# Dark paint for exterior of sun-exposed house



## joecaption (Nov 30, 2011)

Fades, super heats the whole house, subject to peeling, alligatoring.


----------



## Brushjockey (Mar 8, 2011)

And...... Joes right!!

Some paints will hold up better than others in dark colors- but for those reasons it usually goes the other way. Ol Sol is a pretty strong force.


----------



## BraniksPainting (Jan 20, 2012)

MidgeTenant said:


> I'm going to need to repaint my house, and am partial to dark blue with white trim. However, I have noticed only a few homes painted in dark shades, and have begun to wonder if this is because others know something I don't. (It wouldn't be the first time! )
> 
> Are there significant disadvantages to a dark exterior paint used as the primary color, rather than as a trim color? Does it fade more quickly? Does it retain much more heat?
> 
> The front of the house gets plenty of sun all year.


Both Joe & Brush are right. For instance, both my neighbor and I put dark plastic type shutters on our homes. Both have faded. I repainted mine the same dark green color and they look incredible. We'll see how quickly they fade now.

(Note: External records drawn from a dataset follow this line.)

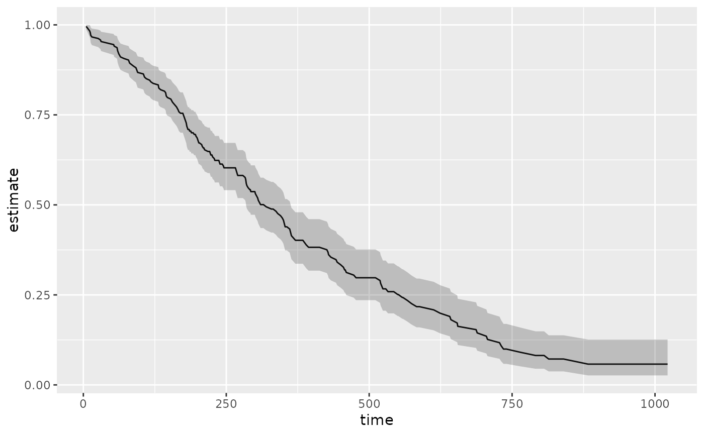 library(survival) cfit <- coxph(Surv(time, status) ~ age + sex, lung) sfit <- survfit(cfit) tidy(sfit)#> # A tibble: 186 x 8 #> time n.risk n.event n.censor estimate std.error conf.high conf.low #> <dbl> <dbl> <dbl> <dbl> <dbl> <dbl> <dbl> <dbl> #> 1 5 228 1 0 0.996 0.00419 1 0.988 #> 2 11 227 3 0 0.983 0.00845 1.00 0.967 #> 3 12 224 1 0 0.979 0.00947 0.997 0.961 #> 4 13 223 2 0 0.971 0.0113 0.992 0.949 #> 5 15 221 1 0 0.966 0.0121 0.990 0.944 #> 6 26 220 1 0 0.962 0.0129 0.987 0.938 #> 7 30 219 1 0 0.958 0.0136 0.984 0.933 #> 8 31 218 1 0 0.954 0.0143 0.981 0.927 #> 9 53 217 2 0 0.945 0.0157 0.975 0.917 #> 10 54 215 1 0 0.941 0.0163 0.972 0.911 #> # … with 176 more rows#> # A tibble: 1 x 10 #> records n.max n.start events rmean rmean.std.error median conf.low conf.high #> <dbl> <dbl> <dbl> <dbl> <dbl> <dbl> <dbl> <dbl> <dbl> #> 1 228 228 228 165 381. 20.3 320 285 363 #> # … with 1 more variable: nobs <int>library(ggplot2) ggplot(tidy(sfit), aes(time, estimate)) + geom_line() + geom_ribbon(aes(ymin = conf.low, ymax = conf.high), alpha = .25)# multi-state fitCI <- survfit(Surv(stop, status * as.numeric(event), type = "mstate") ~ 1, data = mgus1, subset = (start == 0) ) td_multi <- tidy(fitCI) td_multi#> # A tibble: 711 x 9 #> time n.risk n.event n.censor estimate std.error conf.high conf.low state #> <dbl> <int> <int> <int> <dbl> <dbl> <dbl> <dbl> <chr> #> 1 6 241 0 0 0.996 0.00414 1 0.988 (s0) #> 2 7 240 0 0 0.992 0.00584 1 0.980 (s0) #> 3 31 239 0 0 0.988 0.00714 1 0.974 (s0) #> 4 32 238 0 0 0.983 0.00823 1.00 0.967 (s0) #> 5 39 237 0 0 0.979 0.00918 0.997 0.961 (s0) #> 6 60 236 0 0 0.975 0.0100 0.995 0.956 (s0) #> 7 61 235 0 0 0.967 0.0115 0.990 0.944 (s0) #> 8 152 233 0 0 0.963 0.0122 0.987 0.939 (s0) #> 9 153 232 0 0 0.959 0.0128 0.984 0.934 (s0) #> 10 174 231 0 0 0.954 0.0134 0.981 0.928 (s0) #> # … with 701 more rowsggplot(td_multi, aes(time, estimate, group = state)) + geom_line(aes(color = state)) + geom_ribbon(aes(ymin = conf.low, ymax = conf.high), alpha = .25)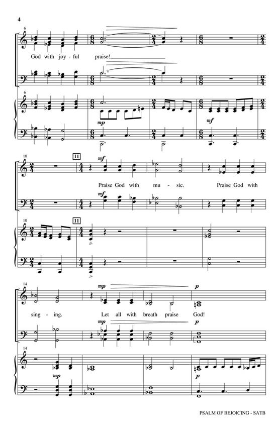 Utilisations : dimanche de la Trinité, généralÉcriture : Psaume 150 ; Psaume 43:4 De notre série Cathédrale vient un hymne de jubilation sans bornes. Des mesures mixtes et des syncopes excitantes remplissent le thème tout en articulant des passages des Psaumes. La section centrale contrastée est remplie d’harmonies expressives et d’écriture chorale luxuriante. La pièce se termine sur des voix antiphonales qui résonnent en écho à leurs louanges et à leur adoration.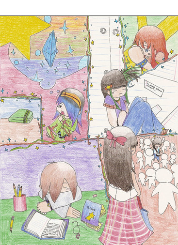 this is one of those ideas which i've had for a very long time but never managed to put it on paper. i had a very clear idea of what i wanted, but as usual, it never turns out that way. still, i'm very happy with how it turned out, though for quite a while during painting (especially the background), i was very unhappy with it.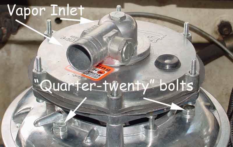 Once you have the Propane Mixer installed in a way agreeable with the cam cable, you will probably find that the orientation of the Vapor Inlet is incorrect.  In this situation, you will have to reorient the Vapor Inlet.  Fortunately, changing the orientation of the Vapor Inlet is pretty easy and painless.  Just undo the 3 screws that hold the Vapor Inlet to the Propane Mixer, reorient the Vapor Inlet, and then screw it back down.  In my case one of the screws was buggered up, so I simply replaced it with one from my screw bin.  One of the great things about this kit is it uses all SAE nuts, bolts and screws.  So finding extra screws isn't a problem.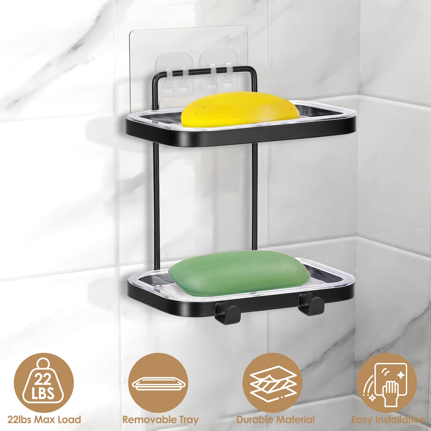 Our soap tray rack is a good choice for your bathroom to store your soap. Iron rack and ABS trays combination design is great for convenient using. Durable iron rack with black painting and strong sticker make it able to hold up to 22lbs. The clear tray can be removed for easy pouring water and cleaning. Solid base is also convenient for you to place your earrings, bracelets, keys and other small items. Also equipped with 2 hooks to hang your bath balls, bath brushes, razors, towel, etc.. Great for bathroom use.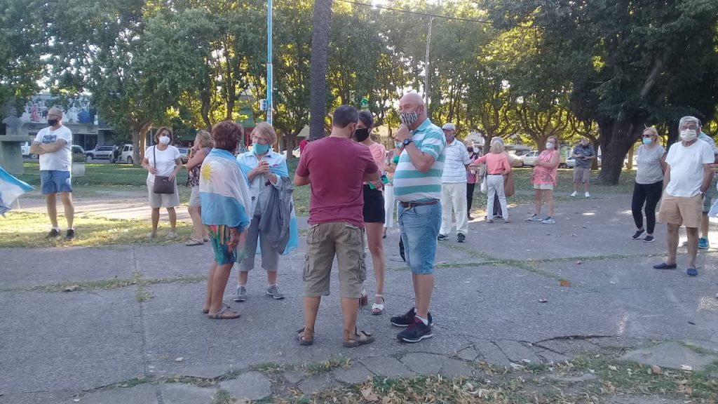 Como en otros puntos del país, un grupo de vecinos autoconvocados se manifestó en la tarde de este sábado en repudio de las llamadas “vacunas VIP” que provocaron el pedido de renuncia del presidente Alberto Fernández al ministro de salud, Ginés González García.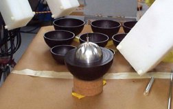 NUCLEAR NEST. To rev up nuclear chain reactions, researchers tucked an aluminum-covered neptunium ball inside dark uranium shells.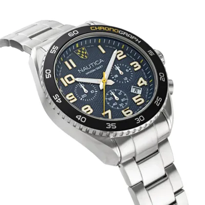 Originalan dizajn muškog sata brenda Nautica, kombinuje funkcionalnost i preciznost sa sportskim dizajnom. Kućište od nerđajućeg čelika i pregledan crni brojčanik u kombinaciji sa čeličnom narukvicom obezbeđuju savršenu udobnost. Modeli iz ove kolekcije lako se uklapaju sa različitim odevnim kombinacijama a namenjeni su pre svega sportistima.
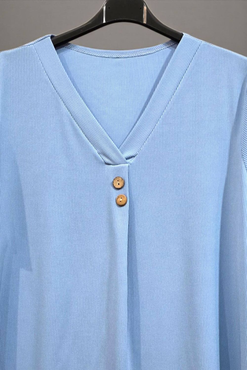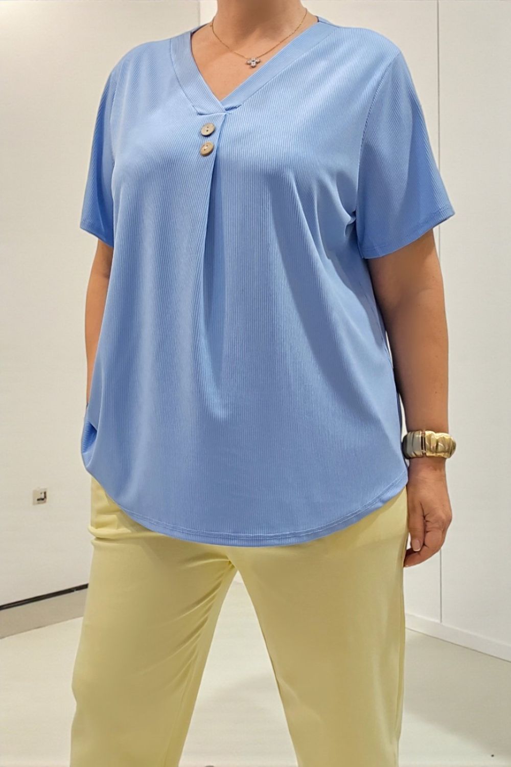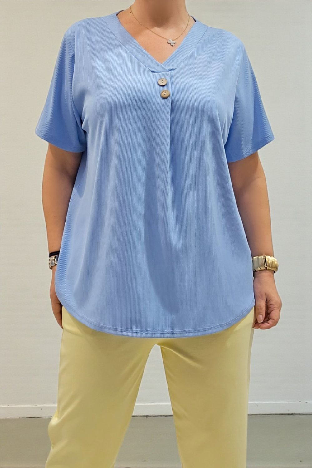 ΚΟΜΨΗ ΚΑΙ ΑΝΕΤΗ ΜΠΛΟΥΖΑ ,ΚΑΤΑΣΚΕΥΑΣΜΕΝΗ ΑΠΟ ΑΠΑΛΟ ΡΙΠ ΥΦΑΣΜΑ ΠΟΥ ΑΓΚΑΛΙΑΖΕΙ ΟΜΟΡΦΑ ΤΟ ΣΩΜΑ, ΠΡΟΣΦΕΡΟΝΤΑΣ ΕΥΕΛΙΞΙΑ ΚΙΝΗΣΗΣ ΚΑΘ’ ΟΛΗ ΤΗ ΔΙΑΡΚΕΙΑ ΤΗΣ ΜΕΡΑΣ.ΔΙΑΘΕΤΕΙ ΝΤΕΚΟΛΤΕ ΣΕ ΣΧΗΜΑ V ΜΠΡΟΣΤΑ, ΚΑΙ ΜΙΑ ΔΙΑΚΡΙΤΙΚΗ ΠΙΕΤΑ ΚΑΤΩ ΑΠΟ ΤΟ V,ΠΟΥ ΠΡΟΣΔΙΔΕΙ ΜΙΑ ΠΙΝΕΛΙΑ ΚΟΜΨΟΤΗΤΑΣ.ΙΔΑΝΙΚΗ ΓΙΑ ΚΑΘΗΜΕΡΙΝΕΣ ΚΑΘΩΣ ΚΑΙ ΓΙΑ ΠΙΟ ΠΡΟΣΕΓΜΕΝΕΣ ΕΜΦΑΝΙΣΕΙΣ.ΣΥΝΘΕΣΗ 65% VISCOSE 30% POLYESTER 5% ELASTAN

Surely the darker colors will fade more than lighter colors.
If dark is what you want, don't let the other small issues deter you.


----------



## Ironlight (Apr 13, 2011)

Some pigments are more fade prone than others, particularly any organic pigments. Blue is more likely to have mineral-based pigments, on average, than say greens or reds, but there is no way of telling how well the paint is going to perform.

For the record, we painted out previous cape code style bungalow with a darker grayish blue and experienced no fading and no significant paint deterioration or failure over the course of 13 years.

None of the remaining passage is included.